Yeah, he's up to something OP. Do some digging.

Quia · 23/07/2022 15:44

Have you asked him why he's suddenly started this nonsense?

Lurkerwithnewusername · 23/07/2022 15:48

Quia · 23/07/2022 15:44

Have you asked him why he's suddenly started this nonsense?

Not yet. I thought it was best to have a proper think about how I was going to handle the situation before I reacted. I'd imagine he would just deny and deflect back onto me.

OP posts:
CallOnMe · 23/07/2022 15:57

If this is new behaviour then yes he is definitely projecting unfortunately.

This is the second time it’s happened now and I don’t know why you’re allowing him to get away with it.

He’s either controlling or projecting (in this case projecting) so why are you staying with him?

JustAsking90 · 23/07/2022 16:02

If you know he wouldn't admit it, don't let him know you suspect. It'll just give him opportunity to double down on security and hide or delete any potential evidence.
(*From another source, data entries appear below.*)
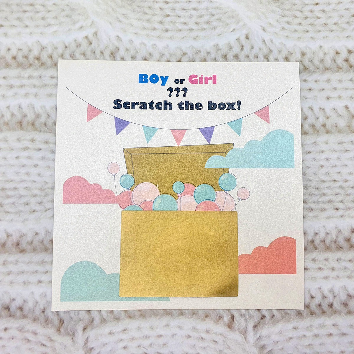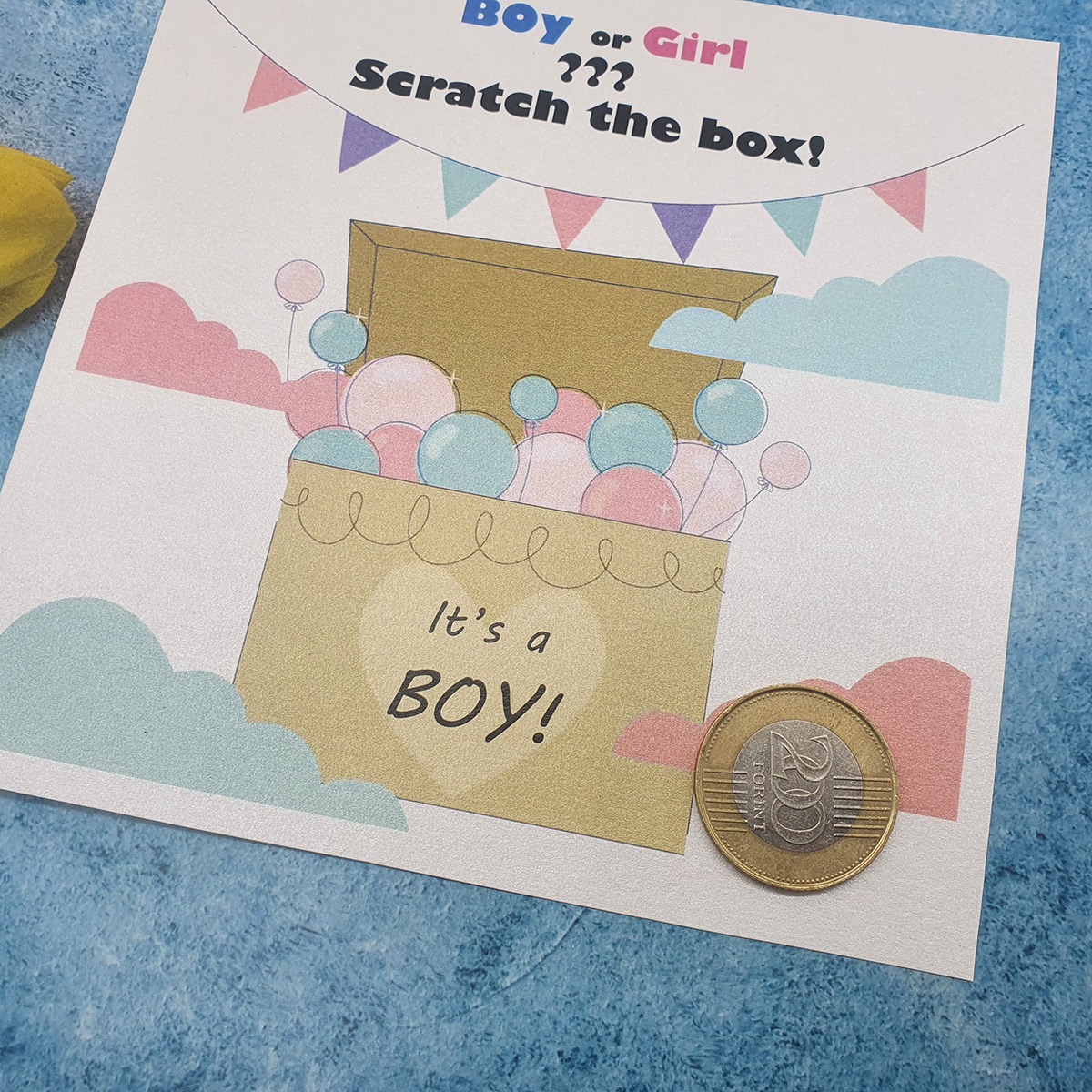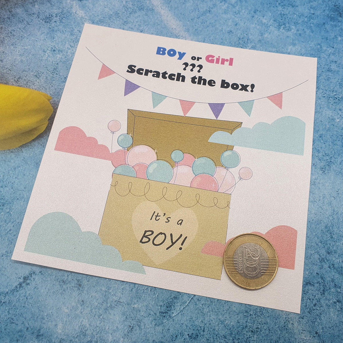 🕹️ Hogyan működik a leleplezés? Ez a típusú sorsjegy interaktív játékot kínál: a családtagok vagy barátok lekaparhatják a kaparós mezőt, amely alatt feltárul az igazság. Ha már a baba neve is megvan, kérhetitek dupla meglepetéssel is: így a baba neme és a neve egyszerre derülhet ki a családi összejövetelen!✨
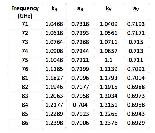 The rainfall rate intensity, and the estimated frequency dependent coefficients k and ∝ for 71-76 GHz and 81-86 GHz can be obtained from Table 5.
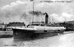During World War I and until 1919, Nomadic was requisitioned by the French government, and she saw service as an auxiliary minesweeper, also ferrying American troops to and from the harbour in Brest (France).[1] After the war, she returned to her tendering duties,[2] but in 1927 she was sold and continued to tender under the ownership of the Compagnie Cherbourgeoise de Transbordement.
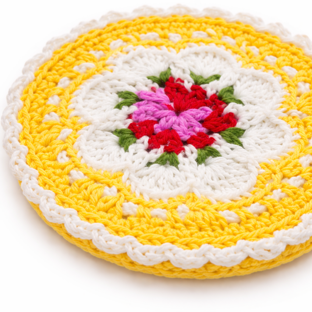 This handcrafted crochet doily coaster is made using soft cotton yarn and features a vibrant yellow outer crochet pattern with a decorative floral center design. The colorful flower motif combined with delicate crochet detailing creates a charming handmade table accessory. Both decorative and practical, this cotton yarn doily coaster protects table surfaces from heat, stains, and moisture while enhancing everyday table settings. Product Features Handcrafted crochet doily made from cotton yarn Decorative floral center crochet design Bright yellow outer crochet pattern with white border Helps protect tables from heat, stains, and cup marks Lightweight handmade table dcor accessory Material and Craft Material: Cotton yarn Technique: Hand crocheted Shape: Round Design: Floral crochet doily pattern Finish: Soft handcrafted cotton weave Ideal Uses Coffee mug and tea cup coaster Decorative doily for trays and table centerpieces Accent mat for dining tables and coffee tables Handmade dcor accessory for kitchen or living spaces Care Instructions Hand wash gently with mild detergent and allow it to air dry flat to maintain the crochet pattern and cotton yarn quality. Frequently Asked Questions What material is used in this crochet doily coaster? This coaster is handcrafted using high quality cotton yarn. Can it be used as a coaster for hot drinks? Yes, it works well as a coaster for tea cups, coffee mugs, and glasses. Are handmade crochet pieces identical? No. Since every piece is handmade, slight variations may occur, making each item unique.
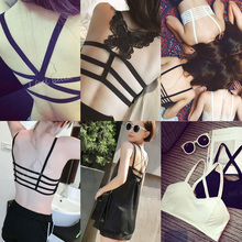 2017春装舒适后四条带美背无钢圈性感吊带镂空抹胸小背心 有胸垫
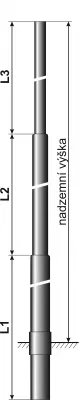 Třístupňový stožár vyrobený z ocelových trubek. Standardně je stožár opatřen ochrannou manžetou a je zaslepen na obou koncích. Stožár také může být opatřen dvířky.
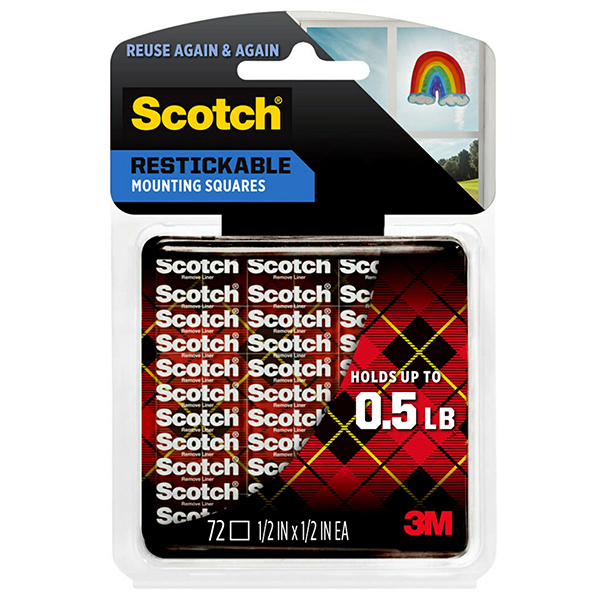 Scotch restickable mini tabs are pre-cut squares of clear, reusable and removable adhesive. Ideal for mounting photos, posters, artwork or papers on walls, office cabinets, refrigerators, windows, etc. Photo safe.
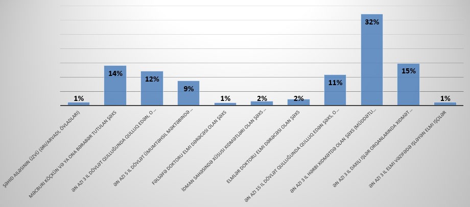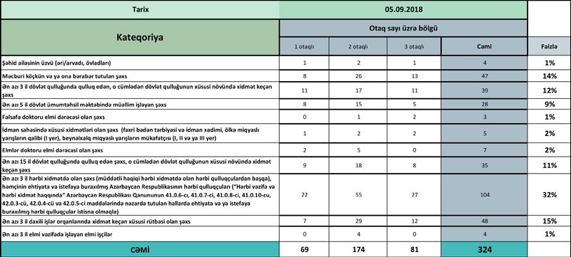 “Marja” Azərbaycan Respublikasının Mənzil İnşaatı Dövlət Agentliyinin açıqladığı statistik məlumatlara istinadən xəbər verir ki, ən çox mənzili hərbiçilər seçib. Belə ki, satışa çıxarılmış 324 mənzilin 104-ü hərbiçilər tərəfindən seçilib. Kateqoriyalara görə, dövlət qulluqçuları 74, polislər 48, məcburi köçkün və ya ona bərabər tutulan şəxslər 47, müəllimlər 28, alimlər 14, idmançılar 5, şəhid ailəsinin üzvləri isə 4 mənzil seçiblər.

Do your investigations quietly.

Lurkerwithnewusername · 23/07/2022 16:05

CallOnMe · 23/07/2022 15:57

If this is new behaviour then yes he is definitely projecting unfortunately.
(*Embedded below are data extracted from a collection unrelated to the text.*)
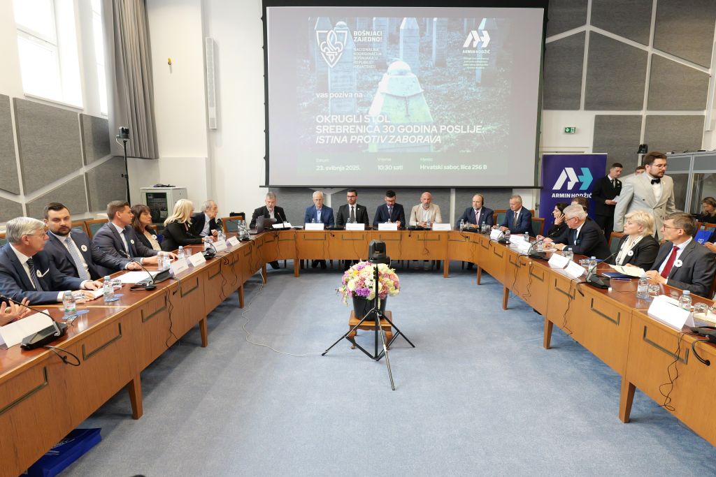 U Hrvatskom saboru održan je okrugli stol povodom 30. godišnjice Genocida u Srebrenici, u organizaciji Nacionalne koordinacije Bošnjaka u Republici Hrvatskoj i pod pokroviteljstvom saborskog zastupnika Armina Hodžića. Skupu su prisustvovali brojni ambasadori iz muslimanskih i zapadnih zemalja, uključujući predstavnike Bosne i Hercegovine. Kroz izlaganja pravnika, historičara, političkih predstavnika i svjedoka, snažno je poručeno da negiranje genocida nije samo zločin protiv istine nego i nastavak nasilja. Skup je završen svjedočenjem preživjelog Jakuba Salkića.
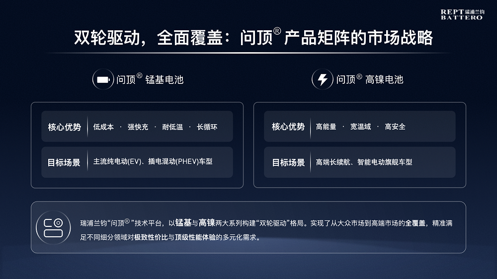 瑞浦兰钧“问顶®”技术平台,以锰基与高镍两大系列构建“双轮驱动”格局,实现了从大众市场到高端市场的全覆盖,精准满足不同细分领域对极致性价比与顶级性能体验的多元化需求。
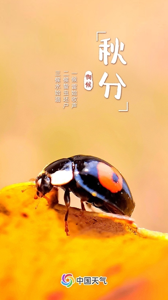 秋分有三候,一候雷始收聲;二候蟄蟲坯戶;三候水始涸。秋分時節(jié)雷聲逐漸終結,蟄居的小蟲開始藏入穴中,河流和湖泊水量變少。
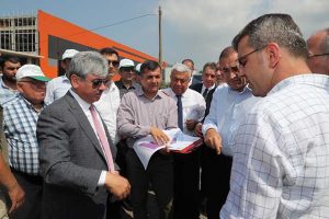 Vali Rahmi Doğan ile sanayiciler, İskenderun 2. Organize Sanayi Bölgesi’nde incelemelerde bulundu. 27 Ağustos Salı günü saat 11.00’de, İskenderun 2. Organize Sanayi Bölgesi firma yetkilileri ile birlikte İskenderun 2. OSB’de incelemelerde bulunan Vali Rahmi Doğan, OSB kurulum çalışmalarında ulaşılan nokta hakkında bilgi aldı. İncelemelerin ardından Vali Doğan bir de toplantı gerçekleştirdi. Toplantıya; İskenderun Belediye Başkanı Fatih Tosyalı, DSİ 6. Bölge Müdürü Abdul Kasım Sarımehmet, Karayolları 5. Bölge Müdür Vekili Turan Yılmaz, TCDD 6. Bölge Müdürü Oğuz Saygılı, AKSAGAZ Bölge Müdürü Halit Demir, İskenderun 1. OSB Yönetim Kurulu Başkanı Ayhan Tosyalı, iş insanları Recep Atakaş, Yakup Bozatlı, Abdullah Bozatlı ve Kurum İl Müdürleri katıldı. -Cemil Yıldız-
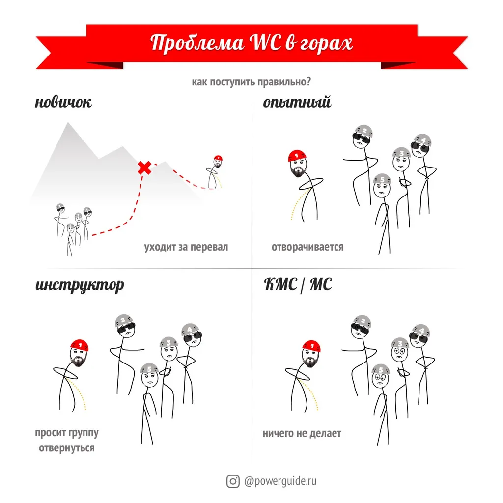 При необходимости справить малую нужду новичок уходит за перевал; опытный альпинист становится спиной к группе; инструктор просит отвернуться группу, а мастер спорта даже этого не делает]

This is the second time it’s happened now and I don’t know why you’re allowing him to get away with it.

He’s either controlling or projecting (in this case projecting) so why are you staying with him?

The first time I put it down to him having a bad day. He apologised eventually and I thought that was that.

The second time was only this morning so it's not much time to figure out the best way to approach this. Which is why I came on here. I'm not allowing him to get away with anything. I'm getting my thoughts together to make sure I get it right and he doesn't have a chance to cover his tracks.

OP posts:
hesttreat · 23/07/2022 16:15

🚩

Applegreenb · 23/07/2022 16:20

I have playfully danced with a colleague at a Christmas party (it was a goofy song) Both very happy in our relationships and both partners present who didn’t care. Being in a secure relationship should mean you trust your partner. He’s being very unreasonable!!

CallOnMe · 23/07/2022 16:36

The second time was only this morning so it's not much time to figure out the best way to approach this.

That’s fair enough.

I can’t ever imagine a man telling me I can’t be around a male friend and me not immediately ending the relationship but I guess in RL it’s such a shock that you need time to process it.

What are you going to do now?

Lurkerwithnewusername · 23/07/2022 16:42

I think I was just in complete shock that he had a problem with this so I told him not to be ridiculous and I wouldn't be apologising. He then went to work.

The more time I've had to think about it and with the replies on here I'm 99% sure he's projecting. A spontaneous confrontation with no proof isn't going to cut it. The plan is to bide my time and get some concrete proof that he cannot deny.

Then get him to fuck.

OP posts:
50mg · 23/07/2022 16:48

It probably projecting, but I do remember when I was generally unhappy in my marriage, almost wishing that it was worse/DH would do something awful, so that I could leave without being the bad guy. So it could be something like that? He's hoping you're up to no good?